Beaucoup de points négatifs
Le ministre de la Transition écologique n’a pas été entendu, et pour chaque petit pas en avant, députés et sénateurs ont affaibli les décisions par des amendements, repoussant les échéances d’une véritable mise en œuvre.
Concernant l’énergie : l’objectif de la loi de transition énergétique, qui devait ramener la part d’électricité nucléaire à 50% en 2025, a été repoussé à une date non précisée et la fermeture de Fessenheim, la plus vieille centrale nucléaire française, a elle aussi été repoussée sine die. En face du nucléaire, les mesures en faveur des énergies solaires et éoliennes, le plan de rénovation énergétique des bâtiments, restent très modestes.
Sur les énergies fossiles : le Parlement a adopté en 2017 la loi sur la fin des permis d’exploration et de l’exploitation des hydrocarbures d’ici 2040, mais des dérogations ont été accordées depuis aux groupes pétroliers.

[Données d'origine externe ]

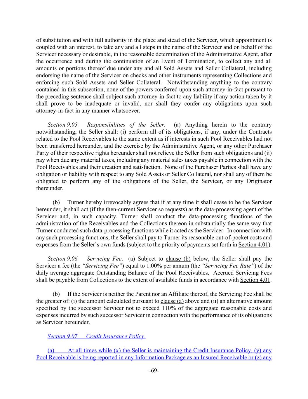 -69- of substitution and with full authority in the place and stead of the Servicer, which appointment is coupled with an interest, to take any and all steps in the name of the Servicer and on behalf of the Servicer necessary or desirable, in the reasonable determination of the Administrative Agent, after the occurrence and during the continuation of an Event of Termination, to collect any and all amounts or portions thereof due under any and all Sold Assets and Seller Collateral, including endorsing the name of the Servicer on checks and other instruments representing Collections and enforcing such Sold Assets and Seller Collateral. Notwithstanding anything to the contrary contained in this subsection, none of the powers conferred upon such attorney-in-fact pursuant to the preceding sentence shall subject such attorney-in-fact to any liability if any action taken by it shall prove to be inadequate or invalid, nor shall they confer any obligations upon such attorney-in-fact in any manner whatsoever. Section 9.05. Responsibilities of the Seller. (a) Anything herein to the contrary notwithstanding, the Seller shall: (i) perform all of its obligations, if any, under the Contracts related to the Pool Receivables to the same extent as if interests in such Pool Receivables had not been transferred hereunder, and the exercise by the Administrative Agent, or any other Purchaser Party of their respective rights hereunder shall not relieve the Seller from such obligations and (ii) pay when due any material taxes, including any material sales taxes payable in connection with the Pool Receivables and their creation and satisfaction. None of the Purchaser Parties shall have any obligation or liability with respect to any Sold Assets or Seller Collateral, nor shall any of them be obligated to perform any of the obligations of the Seller, the Servicer, or any Originator thereunder. (b) Turner hereby irrevocably agrees that if at any time it shall cease to be the Servicer hereunder, it shall act (if the then-current Servicer so requests) as the data-processing agent of the Servicer and, in such capacity, Turner shall conduct the data-processing functions of the administration of the Receivables and the Collections thereon in substantially the same way that Turner conducted such data-processing functions while it acted as the Servicer. In connection with any such processing functions, the Seller shall pay to Turner its reasonable out-of-pocket costs and expenses from the Seller’s own funds (subject to the priority of payments set forth in Section 4.01). Section 9.06. Servicing Fee. (a) Subject to clause (b) below, the Seller shall pay the Servicer a fee (the “Servicing Fee”) equal to 1.00% per annum (the “Servicing Fee Rate”) of the daily average aggregate Outstanding Balance of the Pool Receivables. Accrued Servicing Fees shall be payable from Collections to the extent of available funds in accordance with Section 4.01. (b) If the Servicer is neither the Parent nor an Affiliate thereof, the Servicing Fee shall be the greater of: (i) the amount calculated pursuant to clause (a) above and (ii) an alternative amount specified by the successor Servicer not to exceed 110% of the aggregate reasonable costs and expenses incurred by such successor Servicer in connection with the performance of its obligations as Servicer hereunder. Section 9.07. Credit Insurance Policy. (a) At all times while (x) the Seller is maintaining the Credit Insurance Policy, (y) any Pool Receivable is being reported in any Information Package as an Insured Receivable or (z) any

Dans la loi agriculture et alimentation votée l’hiver dernier, Nicolas Hulot n’a pas cautionné le fait que l’agriculture productiviste reste au centre de la loi alors qu’il est temps de changer de modèle agricole.
Et concernant l’accord de libre-échange CETA, entre l’Europe et le Canada, auquel Nicolas Hulot s’est opposé, il entrera en vigueur le 21 septembre sans modification.
« Droit dans ses bottes »
Pour Nicolas Hulot, il n’est simplement plus possible d’assumer ces échecs : « je ne veux plus me mentir (…) on s’évertue à entretenir un modèle économique cause de tous ces désordres climatiques (…) sur un enjeu aussi important, je me surprends tous les jours à me résigner, à m’accommoder des petits pas, alors que la situation universelle, au moment où la planète devient une étuve, mérite qu’on se retrouve et qu’on change d’échelle (…) je me suis surpris à abaisser mon seuil d’exigence et je me suis dit c’est le moment de partir ».
Après 15 mois de travail au sein du gouvernement d’Emmanuel Macron, Nicolas Hulot, qui ne veut plus servir d’alibi écologiste, a préféré démissionner. C’est donc avec un certain panache, qui ne saurait nuire à l’image populaire d’un homme engagé et « droit dans ses bottes », que Nicolas Hulot a quitté son poste de ministre.
Pour les ONG WWF et France Nature Environnement, si cette démission est une mauvaise nouvelle, elle doit aussi être un appel pour une prise de conscience et un changement structurel profond.
Les associations de défense de l’environnement perdent un relais au sein de l’exécutif.